* DATA SUPPLIED *
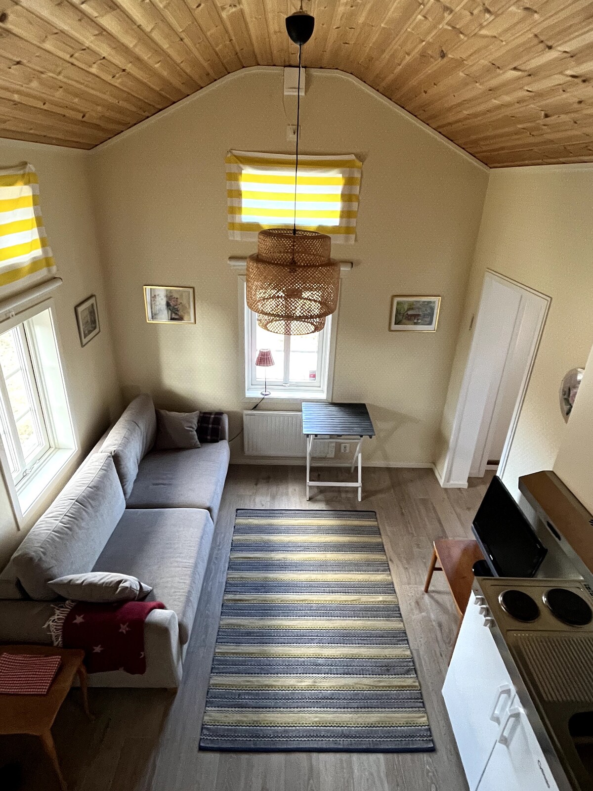 Istaba ar virtuvīti, 25 kvadrātmetri. Vannasistaba ar dušu. Divguļamā gulta (120 cm plata) un dīvāngulta divām personām. Mājoklis ir paredzēts 2 pieaugušajiem, bet tajā var izmitināt arī 2 mazus bērnus. Virtuvīte aprīkota ar plīti, ledusskapi, mikroviļņu krāsni, tējkannu, kafijas automātu. TV un Wi-Fi. Dvieļi un gultas veļa ir iekļauta. Jums būs pieejama arī veļas mazgātava, kas atrodas galvenajā ēkā. Mēs iekasējam 200 SEK maksu par gultasveļas u.c. tīrīšanu. Tomēr mēs sagaidām, ka pirms izrakstīšanās jūs veiksiet galīgo uzkopšanu.
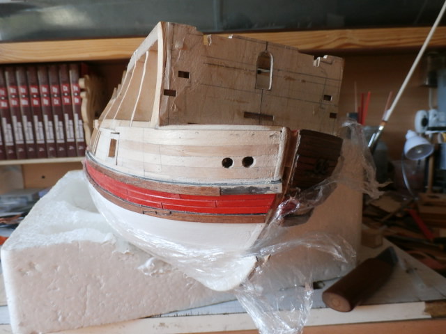 Закончив гон-дек левого борта, я перешел к нижнему кормовому окончанию , тому месту который чаще всего называют кормовым подзором корабля. Что нам предлагает по оформлению этого места - проект ДеА? Очень скромно, по-спартански, не заметно - четыре практически не видных ретирадных арт. портов, замаскированных на фоне темного подзора модели, я же хочу нарядный, "сказочный корабль"! Меня спросят - А как же историческая действительность? Честно говоря История Великой Британии меня мало волнует, Мой корабль прежде всего памятник всего Человечества, его достижений в борьбе со стихией - морями и океаном! Достижения Питера Петта! Его инженерной мысли, памятник тем безвестным столярам и плотникам, которые построили этот корабль! Слава им!
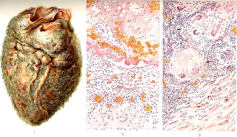 КлассификацияВследствие редкой нозологический самостоятельности Перикардит его классификация ограничивается разделением по этиологии и клинико-морфологически проявлениям. В Международной статистической классификации болезней (1975) это разделение представлено тремя рубриками: ревматический Перикардит, острый неревматический Перикардит и прочие поражения перикарда. Более подробная этиологического классификация Перикардит предусматривает их разделение на группы по виду этиологического факторов, прежде всего на инфекционные Перикардит и неинфекционные, или асептические, а также Перикардит, вызванные простейшими (амёбный, малярийный); паразитарные Перикардит (вызванные эхинококком, цистицерком). К инфекционным относят бактериальные Перикардит— неспецифические, чаще всего кокковые, и специфические: Туляремийный, бруцеллезный, сальмонеллёзный, дизентерийный, сифилитический. Особое место среди инфекционных Перикардит занимает туберкулёзный Перикардит Группа небактериальных инфекционных Перикардит включает вирусные и риккетсиозные Перикардит (при гриппе, инфекционном мононуклеозе и другие); грибковые Перикардит (актиномикоз, кандидоз). К инфекционным относят также Перикардит, не связанные с непосредственным внедрением возбудителя в перикард и развивающиеся как инфекционно-аллергические, если доказана микробная природа аллергизации (например, ревматический перикардит). Неинфекционными считают первично-аллергические Перикардит, например, при сывороточной болезни; Перикардит, вызываемые непосредственным повреждением сердца,— травматические (при закрытых травмах и местных ожогах электроразрядами) и эпистенокардические при инфаркте миокарда; аутоаллергические Перикардит, к которым относят альтерогенные — посттравматические, постинфарктные, посткомиссуро и постперикардиотомные; Перикардит при системных заболеваниях соединительной ткани (красная волчанка и склеродермия, ревматоидный артрит, дерматомиозит), заболеваниях крови и геморрагических диатезах, злокачественных опухолях, болезнях с глубокими обменными нарушениями (уремический, подагрический Перикардит). Выделяют также идиопатический, или острый доброкачественный, Перикардит, этиология которого не установлена. Диагноз такого Перикардит ставят, по-видимому, не всегда обоснованно в случаях, когда не удаётся доступными методами установить возбудителя заболевания, или при описании казуистических Перикардит (аллергической природы, а также вызванных редкими возбудителями, особенно вирусами). По клинические, течению Перикардит разделяют на острые и хронические, а по клинико-морфологически проявлениям выделяют фибринозный (сухой), экссудативный (с серозным, серозно-фибринозным или геморрагическим экссудатом), гнойный, гнилостный, экссудативно-адгезивный, адгезивный (слипчивый) и фиброзный (рубцовый). Под определением «выпотной», или «экссудативный», описывают только ту форму Перикардит, при которой в перикардиальной полости накапливается значительное количество жидкого выпота. Течение и диагностика этой формы Перикардит существенно отличаются от так называемый сухого Перикардит, характеризующегося фибринозным экссудатом. Гнойные и гнилостные Перикардит описываются также обособленно от экссудативных. Вариантами Перикардит явл
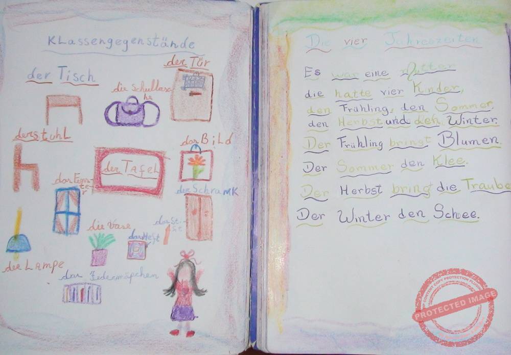 O professor é livre para preparar suas aulas, e escolher ou criar poemas, histórias, peças de teatro etc que ajudem os alunos a vivenciarem os conceitos a serem ensinados, e os alunos escrevem e ilustram com muito capricho seus cadernos de época, pois tudo deve ser bonito. São usados cadernos sem pauta, que exigem um esforço maior dos alunos para escrever seus textos, exercitando sua coordenação, mas também permitem que a criatividade dos alunos seja desenvolvida, com lindos desenhos ilustrando as matérias.
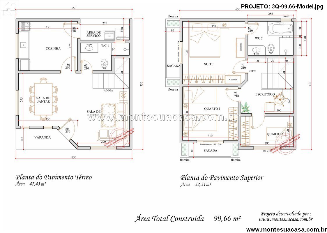 Com área total construída de 99,66 m², este sobrado combina funcionalidade, conforto e estética contemporânea. O pavimento térreo oferece uma planta integrada e bem distribuída, ideal para famílias que valorizam ambientes amplos e bem iluminados.
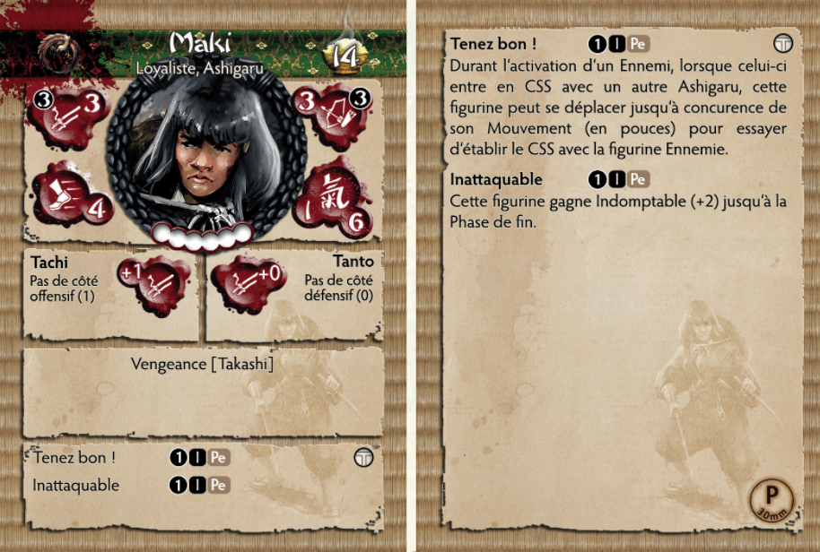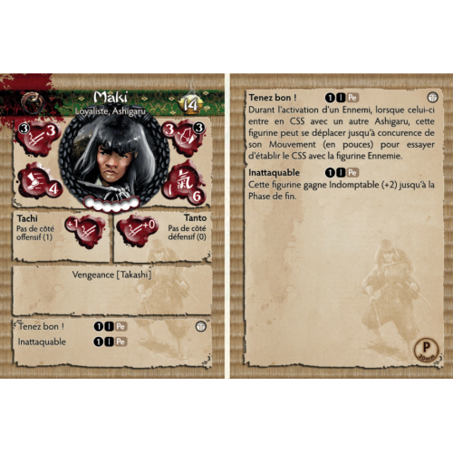 Maki offre la même imprévisibilité que ses camarades Ashigaru avec son Hold the Line ! Ki Feat. Son Unassailable Ki Feat lui permet de rester sur un flanc repoussant plusieurs adversaires puis d'utiliser son Sidestep pour se libérer de l'enfermement.
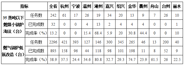 截至6月底,全省已完成32臺35蒸噸以下燃煤小鍋爐淘汰,完成率為13.2%;全省已完成893臺燃氣鍋爐低氮改造,完成率為38.9%。
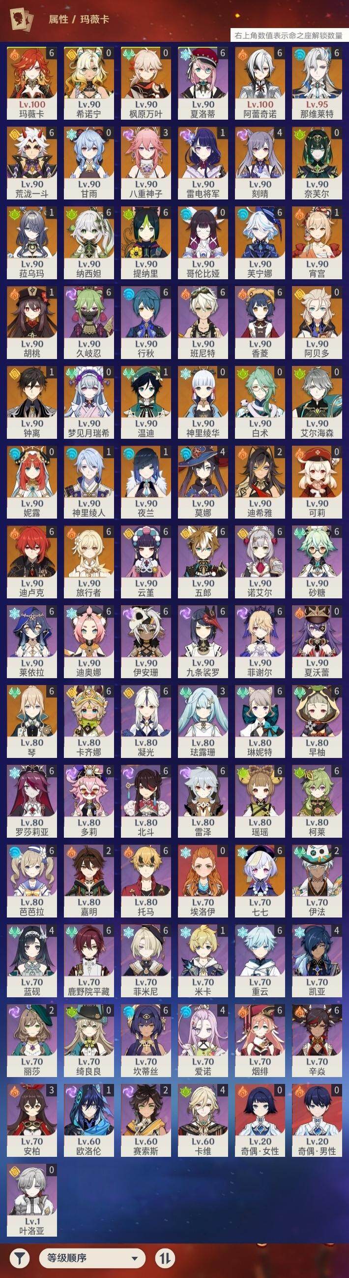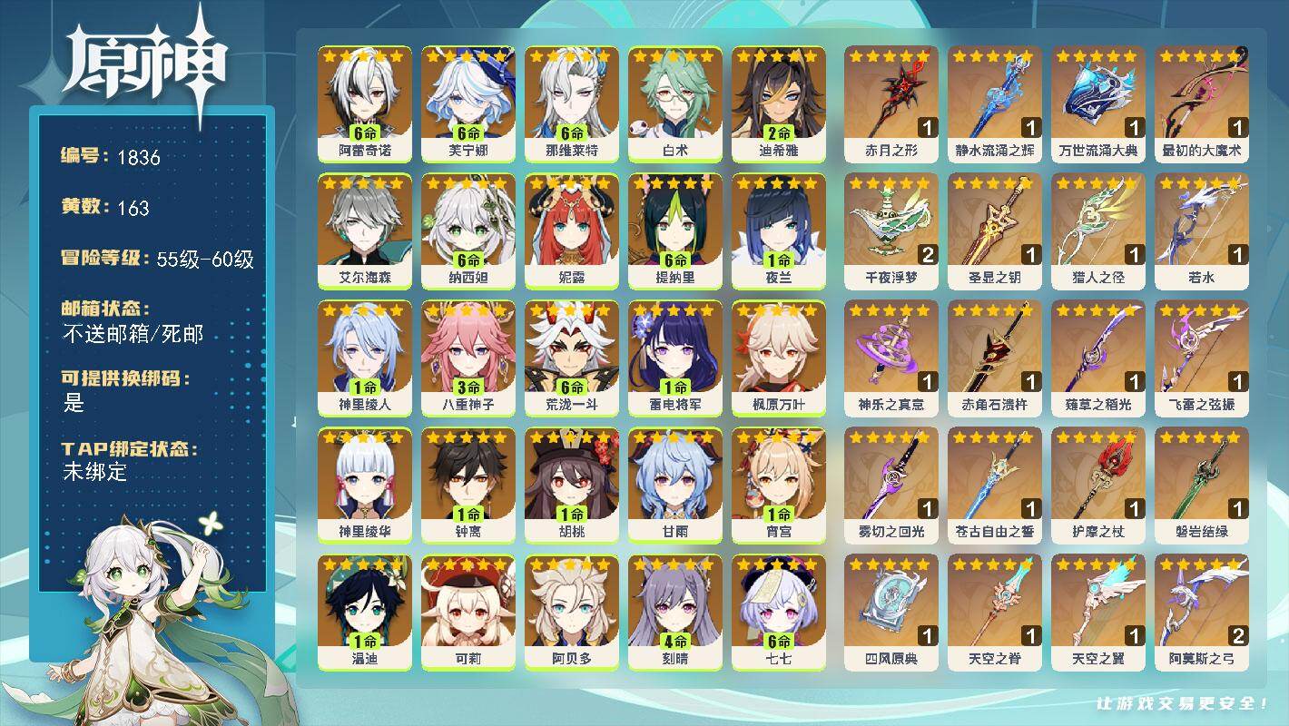 [16516183]60级/163黄/女主/34个五星角色/46个五星武器 满命阿蕾奇诺满命芙宁娜满命那维莱特0命白术2命迪希雅0命艾尔海森满命纳西妲0命妮露满命提纳里1命夜兰1命神里绫人3命八重神子满命荒泷一斗1命雷电将军0命枫原万叶0命神里绫华1命钟离1命胡桃0命甘雨1命宵宫1命温迪0命可莉0命阿贝多4命刻晴满命七七满命琴4命莫娜满命迪卢克0命希诺宁满命玛薇卡0命梦见月瑞希1命菈乌玛0命奈芙尔0命哥伦比娅精1赤月之形精1静水流涌之辉精1万世流涌大典精1最初的大魔术精2千夜浮梦精1圣显之钥精1猎人之径精1若水精1神乐之真意精1赤角石溃杵精1薙草之稻光精1飞雷之弦振精1雾切之回光精1苍古自由之誓精1护摩之杖精1磐岩结绿精1四风原典精1天空之脊精1天空之翼精2阿莫斯之弓精1天空之刃精1天空之卷精1风鹰剑精1狼的末路精1祭星者之望精1焚曜千阳精1纺夜天镜

* BRIEF *
Only an exact, picture-free copy of the entries counts as the answer.

* SOLUTION TO THE EXERCISE *
 Istaba ar virtuvīti, 25 kvadrātmetri. Vannasistaba ar dušu. Divguļamā gulta (120 cm plata) un dīvāngulta divām personām. Mājoklis ir paredzēts 2 pieaugušajiem, bet tajā var izmitināt arī 2 mazus bērnus. Virtuvīte aprīkota ar plīti, ledusskapi, mikroviļņu krāsni, tējkannu, kafijas automātu. TV un Wi-Fi. Dvieļi un gultas veļa ir iekļauta. Jums būs pieejama arī veļas mazgātava, kas atrodas galvenajā ēkā. Mēs iekasējam 200 SEK maksu par gultasveļas u.c. tīrīšanu. Tomēr mēs sagaidām, ka pirms izrakstīšanās jūs veiksiet galīgo uzkopšanu.
 Закончив гон-дек левого борта, я перешел к нижнему кормовому окончанию , тому месту который чаще всего называют кормовым подзором корабля. Что нам предлагает по оформлению этого места - проект ДеА? Очень скромно, по-спартански, не заметно - четыре практически не видных ретирадных арт. портов, замаскированных на фоне темного подзора модели, я же хочу нарядный, "сказочный корабль"! Меня спросят - А как же историческая действительность? Честно говоря История Великой Британии меня мало волнует, Мой корабль прежде всего памятник всего Человечества, его достижений в борьбе со стихией - морями и океаном! Достижения Питера Петта! Его инженерной мысли, памятник тем безвестным столярам и плотникам, которые построили этот корабль! Слава им!
 КлассификацияВследствие редкой нозологический самостоятельности Перикардит его классификация ограничивается разделением по этиологии и клинико-морфологически проявлениям. В Международной статистической классификации болезней (1975) это разделение представлено тремя рубриками: ревматический Перикардит, острый неревматический Перикардит и прочие поражения перикарда. Более подробная этиологического классификация Перикардит предусматривает их разделение на группы по виду этиологического факторов, прежде всего на инфекционные Перикардит и неинфекционные, или асептические, а также Перикардит, вызванные простейшими (амёбный, малярийный); паразитарные Перикардит (вызванные эхинококком, цистицерком). К инфекционным относят бактериальные Перикардит— неспецифические, чаще всего кокковые, и специфические: Туляремийный, бруцеллезный, сальмонеллёзный, дизентерийный, сифилитический. Особое место среди инфекционных Перикардит занимает туберкулёзный Перикардит Группа небактериальных инфекционных Перикардит включает вирусные и риккетсиозные Перикардит (при гриппе, инфекционном мононуклеозе и другие); грибковые Перикардит (актиномикоз, кандидоз). К инфекционным относят также Перикардит, не связанные с непосредственным внедрением возбудителя в перикард и развивающиеся как инфекционно-аллергические, если доказана микробная природа аллергизации (например, ревматический перикардит). Неинфекционными считают первично-аллергические Перикардит, например, при сывороточной болезни; Перикардит, вызываемые непосредственным повреждением сердца,— травматические (при закрытых травмах и местных ожогах электроразрядами) и эпистенокардические при инфаркте миокарда; аутоаллергические Перикардит, к которым относят альтерогенные — посттравматические, постинфарктные, посткомиссуро и постперикардиотомные; Перикардит при системных заболеваниях соединительной ткани (красная волчанка и склеродермия, ревматоидный артрит, дерматомиозит), заболеваниях крови и геморрагических диатезах, злокачественных опухолях, болезнях с глубокими обменными нарушениями (уремический, подагрический Перикардит). Выделяют также идиопатический, или острый доброкачественный, Перикардит, этиология которого не установлена. Диагноз такого Перикардит ставят, по-видимому, не всегда обоснованно в случаях, когда не удаётся доступными методами установить возбудителя заболевания, или при описании казуистических Перикардит (аллергической природы, а также вызванных редкими возбудителями, особенно вирусами). По клинические, течению Перикардит разделяют на острые и хронические, а по клинико-морфологически проявлениям выделяют фибринозный (сухой), экссудативный (с серозным, серозно-фибринозным или геморрагическим экссудатом), гнойный, гнилостный, экссудативно-адгезивный, адгезивный (слипчивый) и фиброзный (рубцовый). Под определением «выпотной», или «экссудативный», описывают только ту форму Перикардит, при которой в перикардиальной полости накапливается значительное количество жидкого выпота. Течение и диагностика этой формы Перикардит существенно отличаются от так называемый сухого Перикардит, характеризующегося фибринозным экссудатом. Гнойные и гнилостные Перикардит описываются также обособленно от экссудативных. Вариантами Перикардит явл
 O professor é livre para preparar suas aulas, e escolher ou criar poemas, histórias, peças de teatro etc que ajudem os alunos a vivenciarem os conceitos a serem ensinados, e os alunos escrevem e ilustram com muito capricho seus cadernos de época, pois tudo deve ser bonito. São usados cadernos sem pauta, que exigem um esforço maior dos alunos para escrever seus textos, exercitando sua coordenação, mas também permitem que a criatividade dos alunos seja desenvolvida, com lindos desenhos ilustrando as matérias.
 Com área total construída de 99,66 m², este sobrado combina funcionalidade, conforto e estética contemporânea. O pavimento térreo oferece uma planta integrada e bem distribuída, ideal para famílias que valorizam ambientes amplos e bem iluminados.
 Maki offre la même imprévisibilité que ses camarades Ashigaru avec son Hold the Line ! Ki Feat. Son Unassailable Ki Feat lui permet de rester sur un flanc repoussant plusieurs adversaires puis d'utiliser son Sidestep pour se libérer de l'enfermement.
 截至6月底,全省已完成32臺35蒸噸以下燃煤小鍋爐淘汰,完成率為13.2%;全省已完成893臺燃氣鍋爐低氮改造,完成率為38.9%。
 [16516183]60级/163黄/女主/34个五星角色/46个五星武器 满命阿蕾奇诺满命芙宁娜满命那维莱特0命白术2命迪希雅0命艾尔海森满命纳西妲0命妮露满命提纳里1命夜兰1命神里绫人3命八重神子满命荒泷一斗1命雷电将军0命枫原万叶0命神里绫华1命钟离1命胡桃0命甘雨1命宵宫1命温迪0命可莉0命阿贝多4命刻晴满命七七满命琴4命莫娜满命迪卢克0命希诺宁满命玛薇卡0命梦见月瑞希1命菈乌玛0命奈芙尔0命哥伦比娅精1赤月之形精1静水流涌之辉精1万世流涌大典精1最初的大魔术精2千夜浮梦精1圣显之钥精1猎人之径精1若水精1神乐之真意精1赤角石溃杵精1薙草之稻光精1飞雷之弦振精1雾切之回光精1苍古自由之誓精1护摩之杖精1磐岩结绿精1四风原典精1天空之脊精1天空之翼精2阿莫斯之弓精1天空之刃精1天空之卷精1风鹰剑精1狼的末路精1祭星者之望精1焚曜千阳精1纺夜天镜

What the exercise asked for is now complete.